The Fender Musical Instruments Corporation made a pink paisley version of their Telecaster guitar by putting paisley wallpaper onto the guitar bodies.

Prince paid tribute to the rock and roll history of paisley when he created the Paisley Park Records recording label and established Paisley Park Studios, both named after his 1985 song "Paisley Park". The Paisley Underground was a music scene active around the same time.

=== Architecture ===
Paisley was a favorite design element of British-Indian architect Laurie Baker. He has made numerous drawings and collages of what he called "mango designs". He used to include the shape in the buildings he designed also.

=== Sports ===
It was part of the emblem for the 2020 FIFA U-17 Women's World Cup, held in India.
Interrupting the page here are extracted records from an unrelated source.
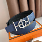 H ULYSSE BELT 38MM SILVER BUCKLE BLACK BLUE LEATHER
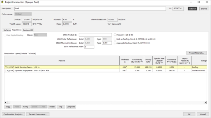 · CRRC: Thermal Emittance(Initial): The Initial Emittance value from Cool Roof Rating Council testing of the roofing
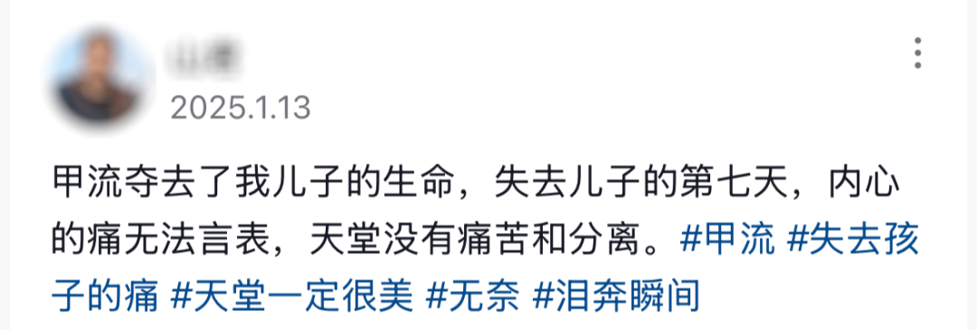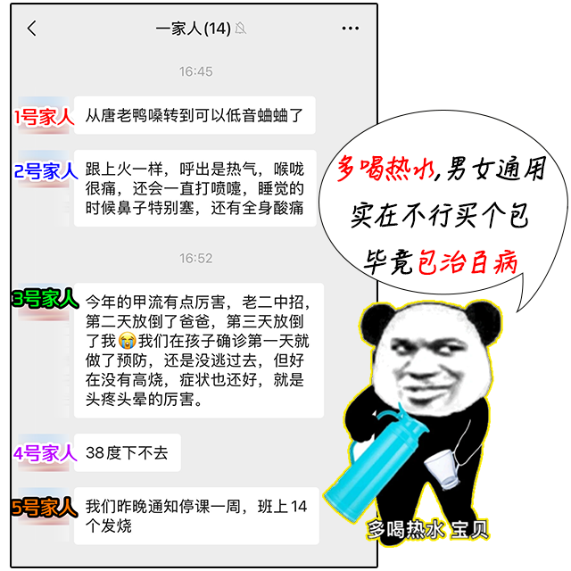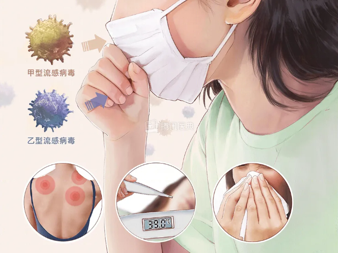 所以,千万千万别大意: 流感≠普通感冒,流感≠大号感冒。 03 孩子哪些症状,可能是甲流? 这些甲流症状,孩子可能不会表达,但宝爸宝妈要知道—— ① 发烧 起病急,迅速发展为高热,体温可高达39℃~40℃,可能反复持续3~5天。可能出现怕冷、寒战、手脚冰凉、头痛等。 图源:小红书用户“扭扭” ② 喉咙不舒服 大孩子会说喉咙干、痒、痛,而小孩子可能表现为容易哭闹或者怕吃东西,尤其是固体类食物。 ③ 鼻塞打喷嚏 打喷嚏,流鼻涕,鼻塞等。小孩子可能会表现为哭闹、呼哧声、张口呼吸或打呼噜等。 ④ 咳嗽 大多是阵发性的,不是咳个不停。每次咳嗽声数可能不是很多,但会比较频繁,大多是干咳。 图源:腾讯医典 ⑤ 其他不适 大孩子可能会说头痛、全身肌肉酸痛、乏力,还会伴有呕吐、腹痛或者腹泻等。小孩子则容易表现为哭闹、粘人。 这些症状,可能会都出现,但也可能只出现几项。 年龄越小的孩子,症状往往越是不典型。 图源:丁香医生

The motif was chosen due to its common use in Kasmiri Pashmina carpets.

==Other languages==
In Persian, Boteh can be translated to shrub or bush, while in Kashmir it carried the same meaning but was referred to as Buta, or Bu.

The modern French words for paisley are boteh (meaning bush, cluster of leaves or a flower bud) in Persian as well as cachemire (Cachemire (tissu)) and palme ("palm", which – along with the pine and the cypress – is one of the traditional botanical motifs thought to have influenced the shape of the paisley element as it is now known).

In various languages of Bangladesh, India and Pakistan, the design's name is related to the word for mango:
- In Bengali: kalka
- In Kannada: Maavinakai, unripe mango
- In Telugu: mamidi pinde, young mango pattern
- In Tamil: mankolam, mango pattern
- In Marathi: koyari, mango seed
- In Sindhi: aami or ambri, small mango.
- In Hindi/Urdu: kairi, means unripe mango
- In Punjabi: ambi, from amb, mango.

In Chinese, paisley is known as the "ham hock pattern" (火腿纹 (huǒtuǐwén)) in mainland China, or "amoeba pattern" in Taiwan (biànxíngchóng (變形蟲)). In Russia, this ornament is known as "cucumbers" (огурцы).